How do you celebrate the world’s most popular smartwatch hitting double digits? With the Watch Series 10, Apple has forsaken revolution and chosen the path of refined evolution, tweaking the design to improve usability and comfort. This is arguably the most comfortable smartwatch I’ve ever had on my wrist.
As with past Apple Watches, you could easily mistake the new Series 10 for a Series 9 from a distance, but upon closer inspection, you begin to realize it’s a rather sizable upgrade, hardware wise. Still very much the squircle shape, but with a larger 1,220 square mm display area on the new 46mm model – that’s a bump of 9% from the Series 9 and a massive 30% if you’re upgrading from a Series 6 or older variant. It’s a smidgen larger in terms of usable display than even the Apple Watch Ultra 2 and is the first to incorporate wide-angle OLED tech for significantly better off-angle viewing. And courtesy the LTPO3 display which allows the refresh rate to drop all the way down to 1Hz, you now get a per-second hand movement on the gorgeous new Flux watch face.
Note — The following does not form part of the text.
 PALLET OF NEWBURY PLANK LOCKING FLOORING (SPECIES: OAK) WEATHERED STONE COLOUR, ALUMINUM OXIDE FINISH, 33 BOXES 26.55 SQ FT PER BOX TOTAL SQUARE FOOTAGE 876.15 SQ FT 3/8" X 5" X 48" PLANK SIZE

While the Series 10 has grown larger, it’s just 9.7mm thick, which makes it 10% thinner and 10% lighter than the previous gen. There’s a noticeable difference in how comfortable the Series 10 is on the wrist, particularly if you’re used to wearing it overnight for sleep tracking. I’ve been wearing the 46mm Apple Watch Series 10 in Jet Black, a glossy aluminum finish that looks striking and harks back to the glossy iPhone 7 in the same shade. You can pick up the Series 10 in polished titanium as well for the first time. The good news for anyone upgrading is that there’s no change in the watch band system, so all your previous bands will continue to be compatible with the 42mm and 46mm models.
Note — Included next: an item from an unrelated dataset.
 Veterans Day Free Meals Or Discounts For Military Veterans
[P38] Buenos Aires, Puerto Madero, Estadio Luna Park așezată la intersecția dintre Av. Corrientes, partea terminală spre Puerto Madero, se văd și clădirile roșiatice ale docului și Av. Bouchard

Out of the box, the Series 10 runs watchOS 11 which supports, among other handy updates, Live Activities from your iPhone to appear directly on your watch. All the usual health and activity features abound, and the Watch Series 10 closely aligns with the Series 9, the Watch Ultra 2 and the Galaxy Watch Ultra in terms of key metric counts. There’s a new Sleep Apnea detection feature which uses the accelerometer to detect breathing disturbances during sleep, but it is yet to roll out in India. You also get the ability to play back music, podcasts and audio content from your Apple Watch directly, and if you regularly take calls on the watch say while cooking or working out, the microphone now identifies your voice and blocks out background noise rather well, almost at par with the voice isolation mode on the iPhone.
Powering the Series 10 is the new S10 chip, and it’s expectedly zippy with opening apps, loading content and dictating messages on the go. Despite the 1Hz refresh rate on the display, battery life isn’t significantly better, and I had to charge it once a day with always-on enabled, a day’s worth of notifications and my daily 45-minute walk tracked. Apple has bumped up charging speeds on the Series 10, so you can charge all the way up to 80% in about 30 minutes, or about a full night’s worth of charge for sleep tracking with a quick splash-and-dash on the charger for 10 minutes. It’s still some way away from true multi-day use like the Watch Ultra 2, though.
For a watch that has inherited the same general design as previous Apple Watches, it almost feels odd to say the Series 10 feels like a new, different watch on the wrist. But it does, so the tweaks made for comfort and usable screen space make it a very worthwhile purchase, not to mention a considerable upgrade for older Watch owners.